Clinical observation of qiyao xiaoke capsule in intervening 76 patients with type 2 pre-diabetes.
- Author:
Qing NI
1
;
Xiao-ke ZHANG
;
Na CUI
Author Information
- Publication Type:Journal Article
- MeSH: Adult; Diabetes Mellitus, Type 2; prevention & control; Drugs, Chinese Herbal; therapeutic use; Female; Humans; Life Style; Male; Middle Aged; Phytotherapy; Prediabetic State; drug therapy
- From: Chinese Journal of Integrated Traditional and Western Medicine 2012;32(12):1628-1631
- CountryChina
- Language:Chinese
-
Abstract:
OBJECTIVETo observe the clinical effects of Qiyao Xiaoke Capsule (QXC) on patients with type 2 pre-diabetes.
METHODSTotally 116 pre-diabetes patients were randomly assigned to the Chinese medicine group (CM, 76 cases) and the blank control group (BC, 40 cases) in the ratio of 2: 1. All patients received proper diet control, health education, and exercises, and so on. Besides, patients in the CM group took QXC (0.4 g/pill), 6 pills each time, three times a day. But patients in the BC group were intervened by life style alone. The fasting blood glucose (FBG), postprandial blood glucose (PBG), insulin (FINS, 2h INS), glycosylated hemoglobin (HbAlc), blood lipids (TG, TC, HDL-C, and LDL-C), and efficacy of CM symptoms were observed in the two groups before and after intervention. The sequelae were observed at the end of the treatment and at follow-ups.

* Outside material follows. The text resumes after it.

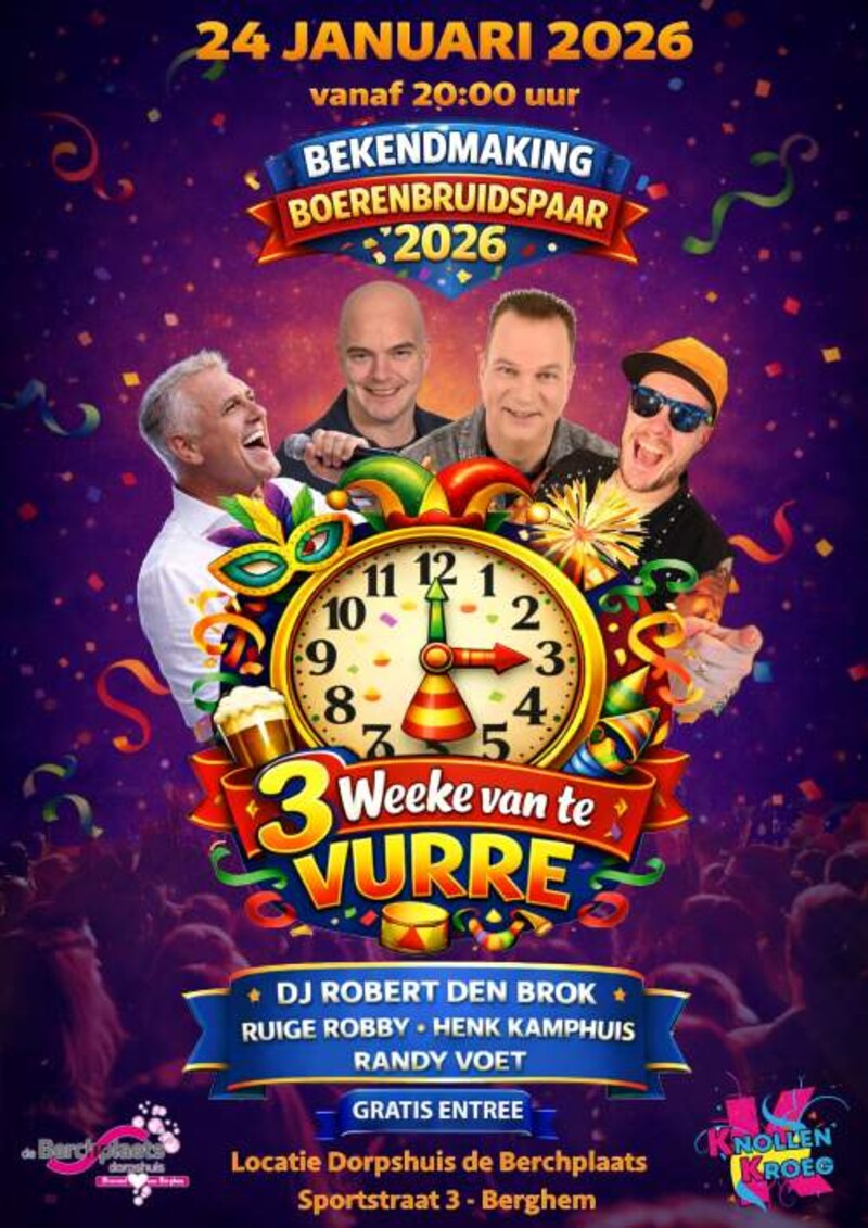 '3 weeke van te vurre' op 24 januari; regionale artiesten en bekendmaking het Boerenbruidspaar 2026!

RESULTSAfter treatment FBG, PBG, and HbA1c decreased in all patients of the two groups (P<0.05, P<0.01), with 2 h PBG decreased more significantly. But there was no statistical difference between the two groups (P>0.05). The two methods could improve the secretion of FINS. Especially 2 h INS decreased more significantly in the CM group, showing statistical difference when compared with the BC group (P<0.05). The two methods could improve the metabolism of blood lipids. CM could significantly lower TG and elevate HDL-C, showing statistical difference when compared with before treatment (P<0.05). After treatment the CM symptoms were obviously improved, showing statistical difference when compared with the BC group (P<0.05). The normalization rate was better in the CM group than in the BC group at the end of the treatment and at follow-ups (P<0.05).

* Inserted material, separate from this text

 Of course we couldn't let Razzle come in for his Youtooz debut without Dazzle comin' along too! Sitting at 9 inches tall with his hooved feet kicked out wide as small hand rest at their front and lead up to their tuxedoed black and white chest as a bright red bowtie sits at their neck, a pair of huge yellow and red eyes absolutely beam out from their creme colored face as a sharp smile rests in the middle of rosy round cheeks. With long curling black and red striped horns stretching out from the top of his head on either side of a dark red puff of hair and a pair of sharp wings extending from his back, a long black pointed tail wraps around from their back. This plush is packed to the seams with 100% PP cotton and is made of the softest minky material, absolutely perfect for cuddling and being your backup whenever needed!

CONCLUSIONSQXC combined life style intervention could improve fasting and postprandial insulin secretion of type 2 pre-diabetes patients, regulate glycolipid metabolism, correct the insulin resistance state, and improve the symptoms of qi-yin insufficiency. It could postpone or hinder the occurrence and development of type 2 diabetes. It was more effective and durable than changing the life style alone.